Ein kurzer Blick auf die Zusammenstellung der arabischen Presse von Juli bis Dezember 2005 auf der Website der "Anti-Defamation League" (Anti-Verleumdungsbündnis, http://www.adl.org/default.htm ) belegt, was Stav sagt. Ende November erschien in der saudi-arabischen Zeitung "al-Yawm" eine Karikatur, auf der ein Hakenkreuz über den Davidstern gelegt war. Eine Karikatur in einer Dezember-Ausgabe der in den Vereinigten Arabischen Emiraten erscheinenden Zeitung "al-Bayan" zeigt einen grinsenden Juden, der mit einem als Globus geformten Jojo spielt. Das häufig verwendete antisemitische Stereotyp des Juden, der die USA, die Uno, Dänemark und Europa kontrolliert, ist ebenfalls ein beliebtes Thema.

Dies alles geschah noch bevor die Mohammed-Karikaturen die muslimische Seele aufgewühlt haben. Seit Anfang Februar gibt es eine Tendenz, das Erscheinen der Mohammed-Karikaturen in westlichen Medien mit angeblich jüdischer Niedertracht zu verquicken. Zum Beispiel: Eine Karikatur aus Bahrein, die zum Boykott dänischer Produkte aufruft, zeigt eine dänische Flagge geschmückt mit einem Davidstern, der in einem Stück Havarti-Käse steckt. Womit ist die Karikatur überschrieben? "Das Eindringen des Zionismus in Dänemark."
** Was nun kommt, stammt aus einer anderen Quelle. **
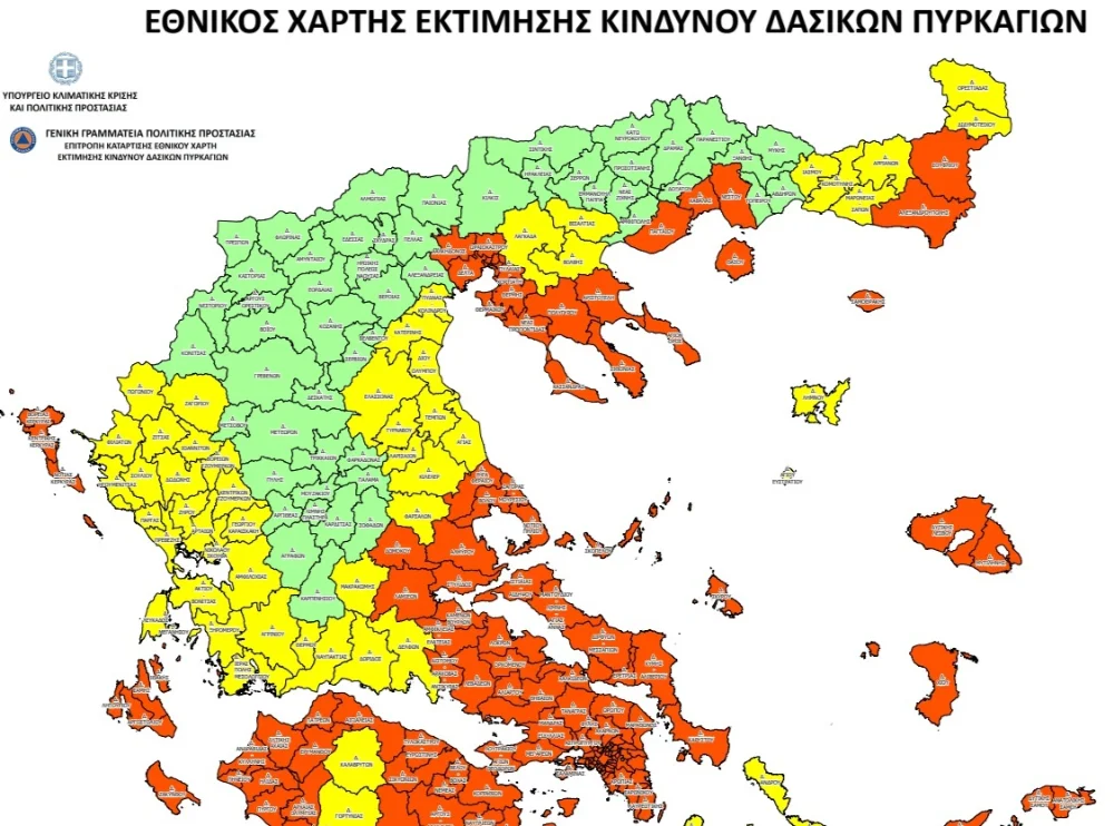 -Συχνότητας υψηλού κινδύνου στον Ημερήσιο Χάρτη Πρόβλεψης Κινδύνου Πυρκαγιάς της ΓΓ Πολιτικής Προστασίας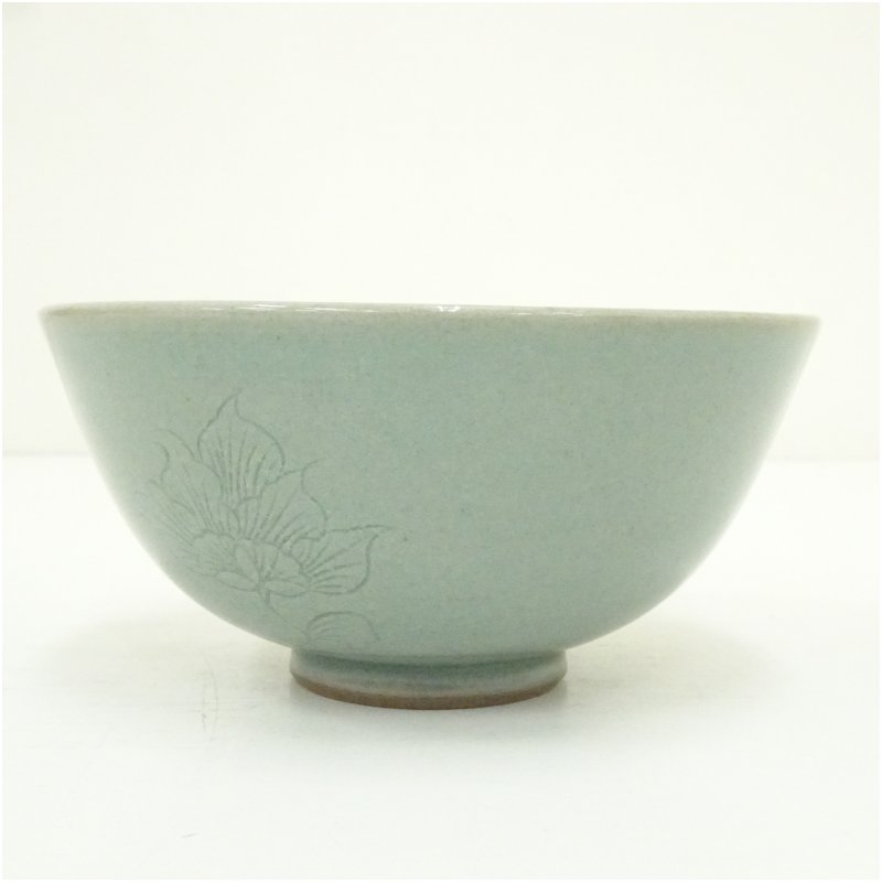 月岩窯 文伸圭造 高麗青磁茶碗(共箱) [13-250613c-073a]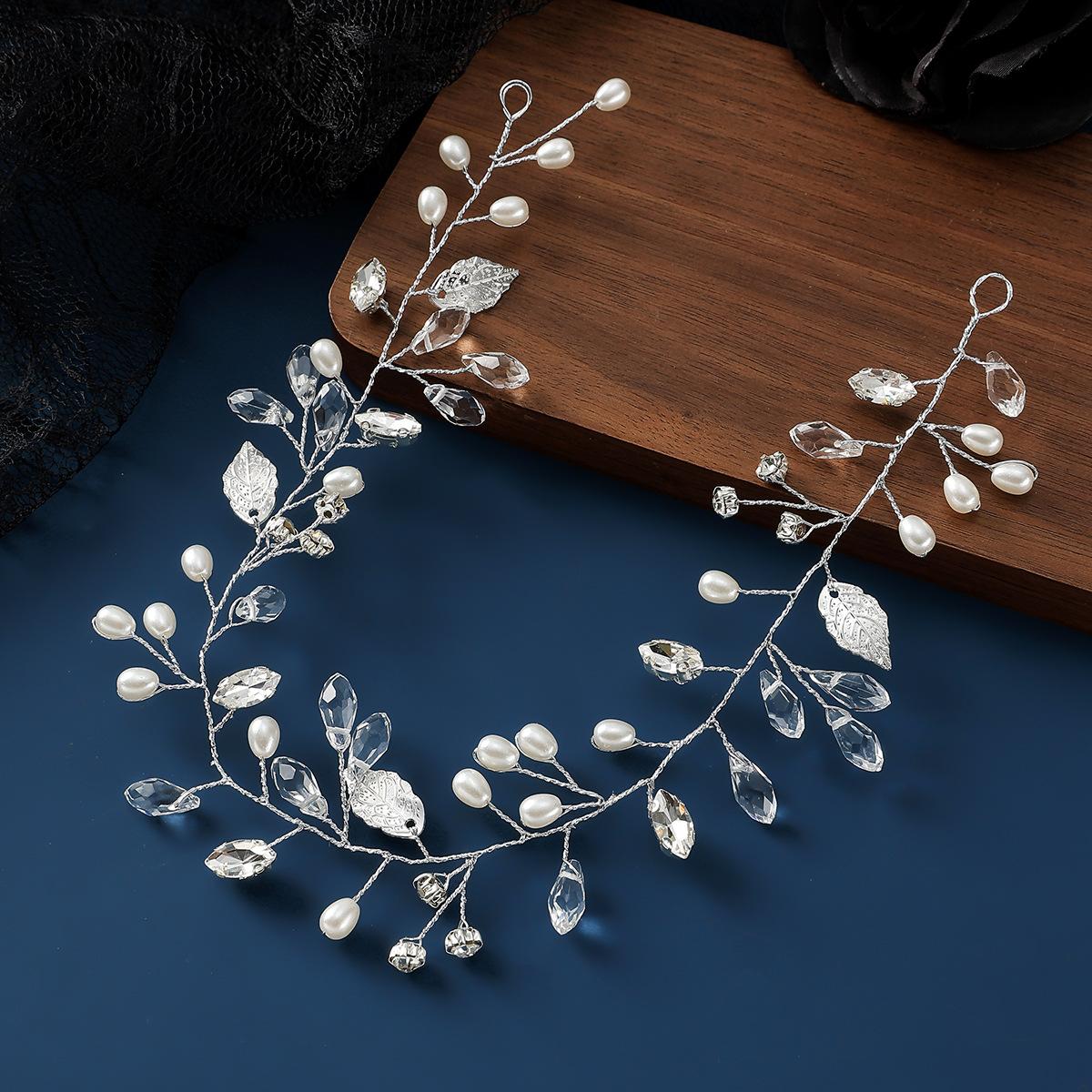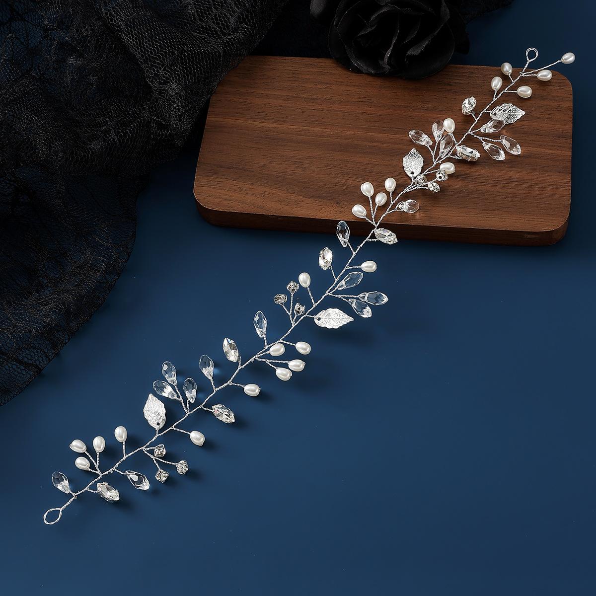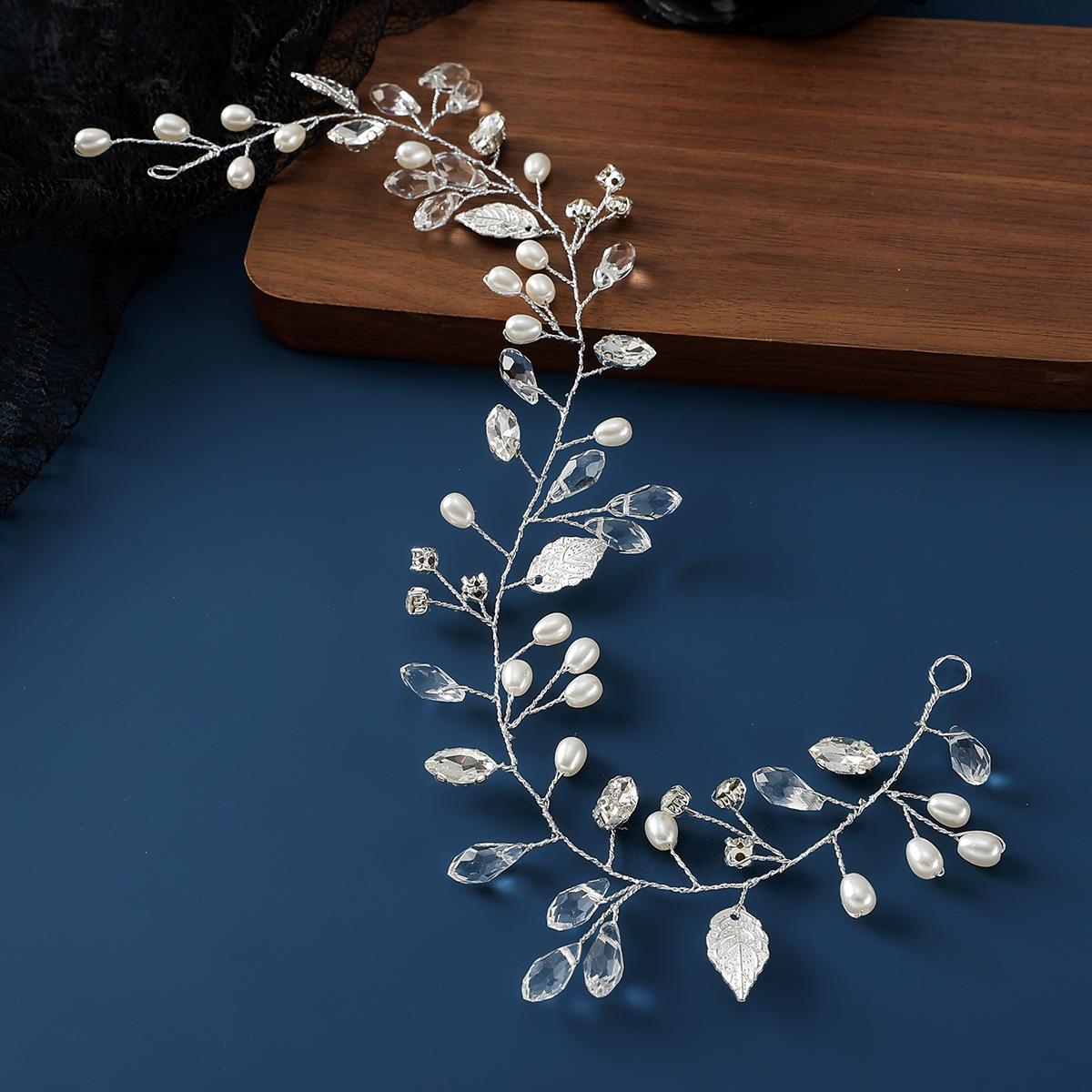 Transfronterizo nueva novia hecho a mano perla cristal aleación hoja cadena suave banda para el cabello tocado decoración de boda fábrica venta al por mayor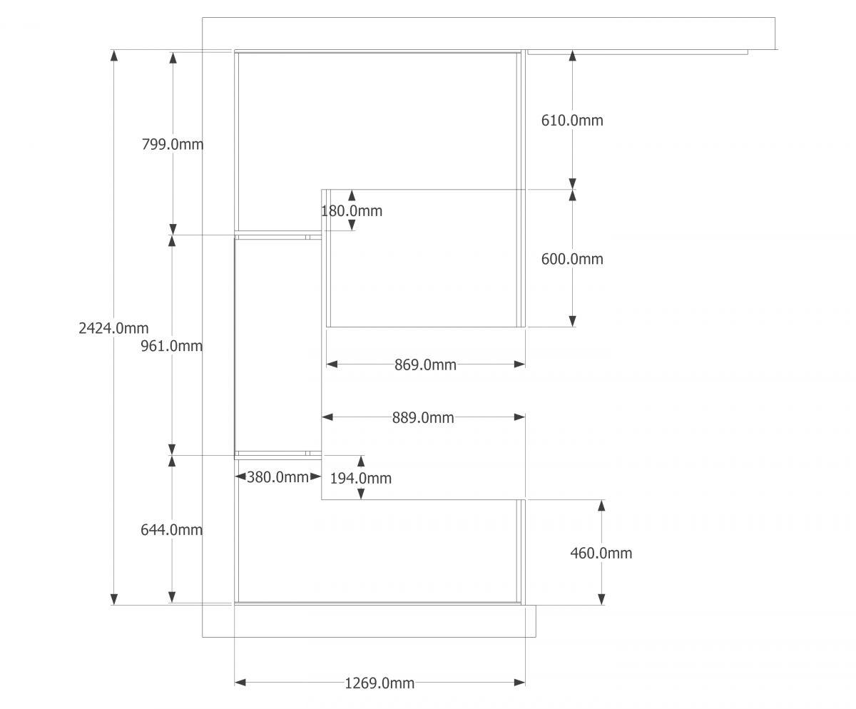 Dans une construction récente des clients souhaitaient rentabiliser un espace à l'entrée pour y installer une penderie. Ils avaient imaginé adapter le principe des armoires d'archive, soit un bloc fixe central monté sur roulette permettant, en fonction de sa position, d'accéder à l'un ou l'autre côté de la penderie.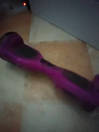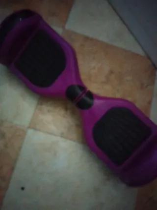 Hoverboard de color morado con plataformas negras. - Diseño moderno y llamativo. - Ideal para desplazamientos urbanos. A falta de cargador Funciona perfectamente Se entrega tal como está no se aceptan devoluciones

Die Tradition politischer Karikaturen gibt es laut Stav noch nicht lange. Vor 100 Jahren wurden so gut wie überhaupt keine Bilder gedruckt - gemäß der islamischen Tradition physische Darstellungen abzulehnen. Der Unmut, Menschen abzubilden, hat sich seither abgeschwächt, obwohl die Abbildung des Propheten Mohammed weiterhin streng verboten blieb. Ende der vierziger Jahre - unmittelbar nach dem arabisch-israelischen Krieg von 1948, so Stav - stieg die Anzahl politischer Karikaturen stark an. Die ersten Zeichnungen waren meist geschmacklose Nachahmungen von Karikaturen der Nazi-Propaganda - ein jüdischer Krake etwa, der seine Fangarme um den Globus legt. Schon bald wurden sie noch gehässiger.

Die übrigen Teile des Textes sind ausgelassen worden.